There is also history. For instance, I can tell you with all authority that the death penalty in this country has not always been called the death penalty. Some just called it lynching. Lest you see a grave difference between the death penalty and lynching, I’ll remind you that many of the 4,000 lynchings that took place in this country between the Civil War and World War II were carried out, “On the Courthouse Lawn.”
In some cases, thousands of community members gathered, drinking whiskey and lemonade and consuming snacks often associated with carnivals, while the torture, mutilation, and execution of a fellow citizen was carried out. The community atmosphere and the proximity of the courthouse gave these festivals a certain aura of officialdom that proclaimed to others in the community that being black carries with it immense pressure to give grave deference to whiteness. The harshest example for me derives from some of the old photographs of these events, many of them printed on postcards, where whole families with young children are lynching together to learn about American justice.
Public terror lynching is no longer approved as it was when many in the government struggled even with the idea of outlawing the practice. However, other, more formal executions have become public spectacles themselves. In 1927, Italian immigrants Nicola Sacco and Bartolomeo Vanzetti were executed by electrocution after being convicted of first degree murder; although quite a few people then, and many more now (historians included) have determined that they were wrongfully convicted. The problem for these two is that they were flat-out-guilty of being anarchists.
While often associated with terrorism and violence, anarchists simply believe that government as we know it is detrimental to our health and that society should be based upon people creating their own institutions and getting along with one another in the spirit of human community. Anarchy may not be the most practical method of organizing society but it sure sounds nice. Either way, Sacco and Vanzetti simply did not approve of the government that murdered them. Given how things turned out, we can hardly blame them for feeling this way.

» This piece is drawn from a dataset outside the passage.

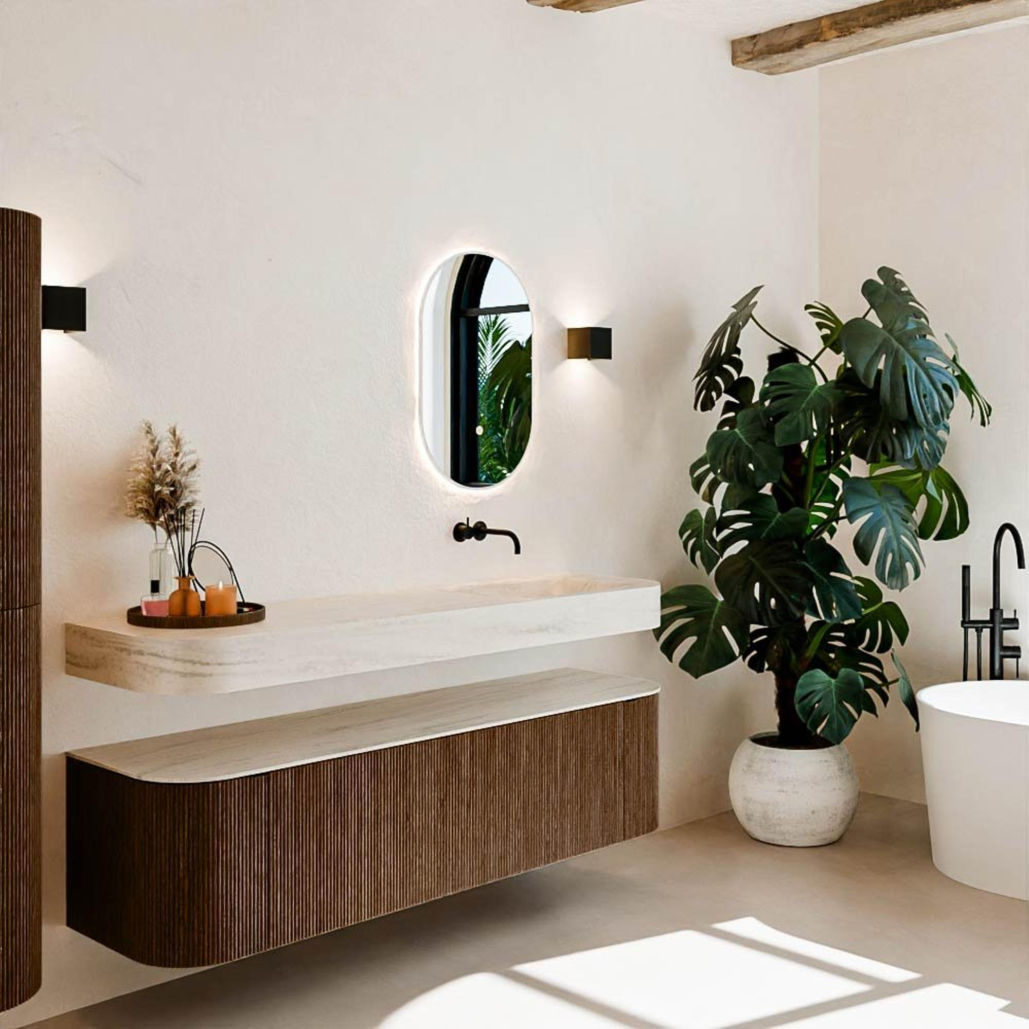 Natuurlijke materialen in warme tinten. De verticale ribbels brengen ritme en textuur in het ontwerp, terwijl het eikenhout zorgt voor een warme, ambachtelijke uitstraling. Kies uit 5 houttinten OAK, WALNUT, DUSK, SHADOW en RUBY zorgvuldig geselecteerde houtkleuren om zowel moderne als klassieke badkamers te verrijken.

In 1953, American citizens Julius and Ethyl Rosenberg were executed—electricity again—for spying on behalf of the Soviet Union. Like Sacco and Vanzetti, there was some doubt as to their guilt at the time, but history has pretty much determined that the government got it right on this one. The Rosenbergs held important information about American technology and actually did communicate with the Russians, which, now that I mention it, just doesn’t seem to be as wrong as it used to be. There are many things like this that used to be wrong and now no longer are; like talking to a white woman while being black.

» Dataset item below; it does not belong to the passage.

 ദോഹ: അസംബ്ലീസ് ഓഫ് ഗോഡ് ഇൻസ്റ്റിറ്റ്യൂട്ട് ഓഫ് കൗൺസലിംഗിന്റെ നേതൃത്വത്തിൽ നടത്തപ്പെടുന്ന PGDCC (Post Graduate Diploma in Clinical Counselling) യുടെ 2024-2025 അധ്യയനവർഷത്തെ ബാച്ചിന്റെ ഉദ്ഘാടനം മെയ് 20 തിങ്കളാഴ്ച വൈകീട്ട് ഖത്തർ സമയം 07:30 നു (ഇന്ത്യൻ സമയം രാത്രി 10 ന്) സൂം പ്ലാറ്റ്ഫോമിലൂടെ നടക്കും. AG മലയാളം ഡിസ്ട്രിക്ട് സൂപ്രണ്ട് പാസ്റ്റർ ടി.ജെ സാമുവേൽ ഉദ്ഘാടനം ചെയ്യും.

Now that the Justice Department is resuming executions, it seems as if they (we) are looking to inflict the ultimate punishment upon five men who have done some horrible things: all have been convicted, among other things, of murdering children. These five all seem prime candidates for the societal implementation of suffering; having left a great deal of carnage and continued human suffering in the wake of their existence.

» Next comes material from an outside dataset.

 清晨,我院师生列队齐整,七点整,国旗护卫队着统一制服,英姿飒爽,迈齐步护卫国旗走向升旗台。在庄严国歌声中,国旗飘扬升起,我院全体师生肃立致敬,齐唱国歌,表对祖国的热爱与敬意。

A quick Google search reveals that maybe 60 percent of us support the death penalty for the worst of crimes. Although dropping this statistic in the middle of my thinking here, begs the question as to whether this type of thing should be settled with a vote.
For example, lynch mobs are, by definition, popular. It’s right there in the photographs; captured moments of Americans engaging in happy-go-lucky hate. More than one of these black-and-white images reveals an adult holding a child above the crowd so that the youngster can get an impressionable look at the charred black corpse.
With an eye toward the history that will be written, I wonder what they will make of us; what they will make of our participation or even our indifference to the acts carried out in our name.
Proponents of capital punishment argue that it deters crime. Perhaps. On the other hand, it seems obvious that taking out the worst of humanity in this way is an act of revenge. The inherent problem here, and this may define my position on the matter more than any horror story of the crime committed, is that, in virtually all other aspects of our lives, particularly those influenced by our worst moments of anger, revenge begets only revenge.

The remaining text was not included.